In Human Reliability Analysis, we identify the factors which influence human performance on a critical task so that we can “optimise” them. In response to my recent post on Positive PIFs (Performance Influencing Factors), the question of what we mean by optimising PIFs was raised, and in this article, I thought I would try to answer this question.
We optimise Performance Influencing Factors to reduce the likelihood of human error. There are a lot of different PIFs though, so what does ‘optimise’ mean. Optimise is used as shorthand for an array of different tactics to either reduce the negative effect of a PIF or turn it into a positive influence. In other words – and how I wish I had set up a shortcut key for this phrase 20 years ago – it depends.
There are some Performance Influencing Factors we cannot directly affect. For tasks carried out outside, weather is a good example. However we may wish to, we cannot optimise the weather. What we want to do instead is optimise the conditions in which critical task steps are carried out – can we bring the task indoors, or provide local shelter, or appropriate clothing, or procedural controls to stop the task if the weather exceeds certain limits.
There are some Performance Influencing Factors that either only act negatively or only act positively. How we optimise these depends on whether they are discrete (ie they are either there or not), or act on a continuum. For discrete PIFs, we are in an all or nothing situation by definition. Discrete PIFs with a negative effect need to be removed. For example, if equipment is operated against the design stereotype such as opening a wheel-operated valve by turning it clockwise, the opposite of the “lefty-loosey, righty-tighty” rule I learned as a kid, it needs to be replaced with one that operates as normal. If you can’t remove the PIF immediately, eg you have to wait for a turnaround, then all you can do is mitigate the PIF as a short-term remedy. Discrete PIFs with a positive effect that are absent need to be implemented. For example, not labelling plants increases the likelihood of misidentification, which happens more frequently than you would like to believe – cheap, simple, obvious – why wouldn’t you?

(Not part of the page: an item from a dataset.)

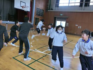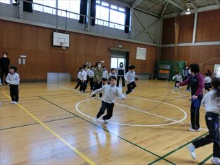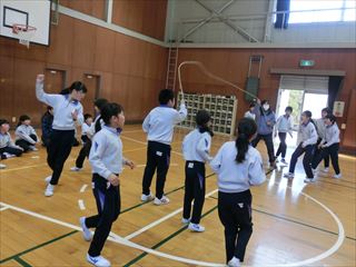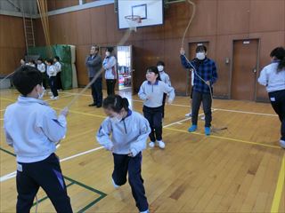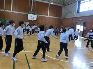 2月3日、健康環境委員会の主催で全校で長縄大会を行いました。どの学年も体育の時間を使って練習した成果を発揮していました。県の「チャレンジランキング」にも登録できるので、熱も入っていました。県のランキングの上位にはなりませんでしたが、学年同士数え合いながら跳びました。「みんなで力を合わせる」心地よさを感じることができました。

Performance Influencing Factors which act on a continuum are often more complex. Fatigue, for example, always has a negative effect but the degree of effect depends on many other factors including individual susceptibility, time of day etc. In such cases, where we cannot remove the PIF, then we are looking to manage it in line with relevant good practise which should optimise it by reducing its effect as far as possible, acknowledging that there may still be a residual negative effect. Competency is a good example of a PIF that acts positively on a continuum, but once again the degree of effect depends on many others factors such as recency of training, individual aptitude etc. So again we are looking at implementing relevant good practise to increase its effect as far as possible, acknowledging it won’t always be perfectly optimised.
And finally there are PIFs that follow the stress curve – too little or too much are negative and we are looking for the comfort zone or Goldilocks ‘just-right’ effect for a positive influence. Workload, temperature, lighting, there are many examples. Optimising these PIFs means establishing what the comfort zone is – the limits within which the majority of people will be performing well. Sometimes there is evidence that establishes a norm e.g. studies have shown that human performance deteriorates below 17 deg C and above 27 deg C. Where these don’t exist, it will take collaboration with the user group to work out the limits. And given individual differences, allowing people a measure of personal control over the PIF, if possible, would be good practice.
So “optimising PIFs” seems to mean a range of strategies including (but I am sure not limited to) removing the PIF, implementing the PIF, and managing the PIF as best we can.